Beim Einstieg überlagern sich die Gitarren, doch bald bricht ein pop-reiner Refrain durch, und Kiedis singt, seine Stimme zunächst verzerrt, nun glasklar von der „Monarchy of Roses”. Bestimmend für den Peppers-Sound bleiben die markanten Bass-Läufe von Flea, der nach dem Doppelalbum „Stadium Arcadium” von 2006 eine Musikschule in L.A. gründete und Jazztrompete studierte. Einmal hat er ein Trompeten-Solo im karibisch klingenden „Did I let you know”, und wenn nicht nur hier der Crossover in den Jazz reicht, mag es die Band doch weiterhin bevorzugt funky.
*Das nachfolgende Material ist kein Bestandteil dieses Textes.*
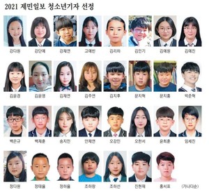 제민일보가 2021년 청소년기자단을 구성했습니다. 청소년기자들은 교육현장과 관련한 다양한 생각을 지면을 통해 전달하게 됩니다.다음은 청소년기자 명단(가나다순).강다원(제주서초 5), 강단예(서귀중앙여중 3), 강재연(제주중 1), 고예빈(신성여중 1), 김리하(탐라중 2), 김민기(아라초 6), 김예원(신성여중 1), 김예진(서귀중앙여중 3), 김윤경(제주동여중 1), 김윤영(제주여고 1), 김재연(도평초 6), 김주연(제주대사범대부설고 1), 김지후(아라초 6), 문지혁(아라중 1), 문지홍(아라초 6), 박준혁(KISJ 8),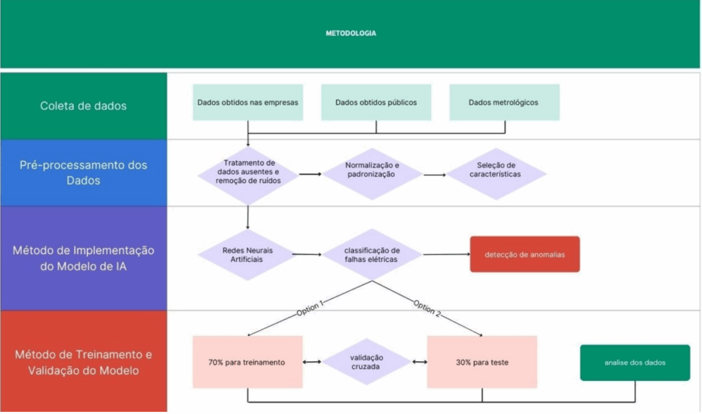 Para o desenvolvimento deste estudo, serão empregadas abordagens quantitativas e experimentais, com a implementação e avaliação de algoritmos de inteligência artificial (IA) para detecção e monitoramento de falhas elétricas.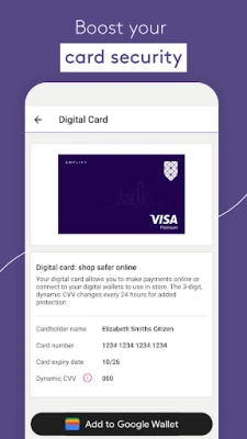 - Digital Card† - Boost your card security by using the dynamic CVV on your credit or debit card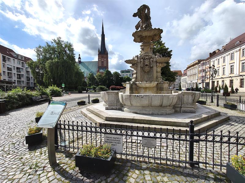 W fontannie na pl. Orła Białego woda trysnęła po raz pierwszy w 1732 r. Jej mechanizm opracował Johann Frederick Graël, a rzeźbę wykonali: Johann Conrad Koch z kamieniarzem Angererem. Pierwotnie stała tam, gdzie teraz znajduje się budynek restauracyjny, zajmowany wcześniej przez Polmozbyt (dawny Rynek Konny). Z obecnego miejsca nie była przenoszona od 1866 r. Jednak wkrótce - przy okazji przebudowy pl. Orła Białego - nastąpi jej relokacja. Najcenniejszy z zachowanych barokowych zabytków Szczecina trafi na dziedziniec Pałacu pod Globusem (d. Pałacu Grumbkowa), czyli do siedziby Akademii Sztuki, gdzie zostanie zabezpieczony zarówno przed negatywnym oddziaływaniem czynników atmosferycznych, jak i wandalami.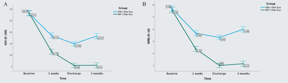 Graph A shows the functional improvement using the neck disability index (NDI) and Graph B shows the improvement on pain levels using the Numeric Pain Rating Scale (NPRS).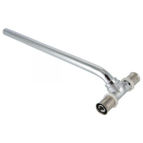 (VTm.282.N) Пресс-фитинг – тройник с хромированной латунной трубкой (наружный диаметр – 15, толщина стенки – 1 мм), предназначенный для подключения отопительного прибора к разводке из металлополимерных труб.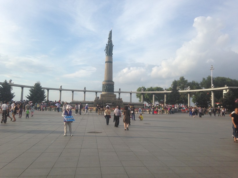 Если вы пришли на Арбат, можно охватить еще несколько достопримечательностей. Дойдя до конца улицы, вы выйдете на набережную реки Сунгари. От набережной можно пойти направо, но на той стороне ничего интересного нет, разве что красивый железнодорожный мост, на который можно подняться.

Besonders „Look Around” könnte zu dem Hit werden, den man eigentlich schon mit „The Adventures of Rain Dance Maggie”, der ersten, eher belanglos klingenden Single-Auskopplung haben will. Im Video sieht man die Band auf einem Dach jammen, am Rand von Venice Beach, springlebendig – jung! – und Kiedis mit einem Schnurrbart, der ihn zum Borat des Alternative Rock macht. So ein Auftritt, so eine CD tut keiner Fliege was zuleide, aber immerhin liefern die Red Hot Chili Peppers den angenehm groovenden Soundtrack für den Spätsommer.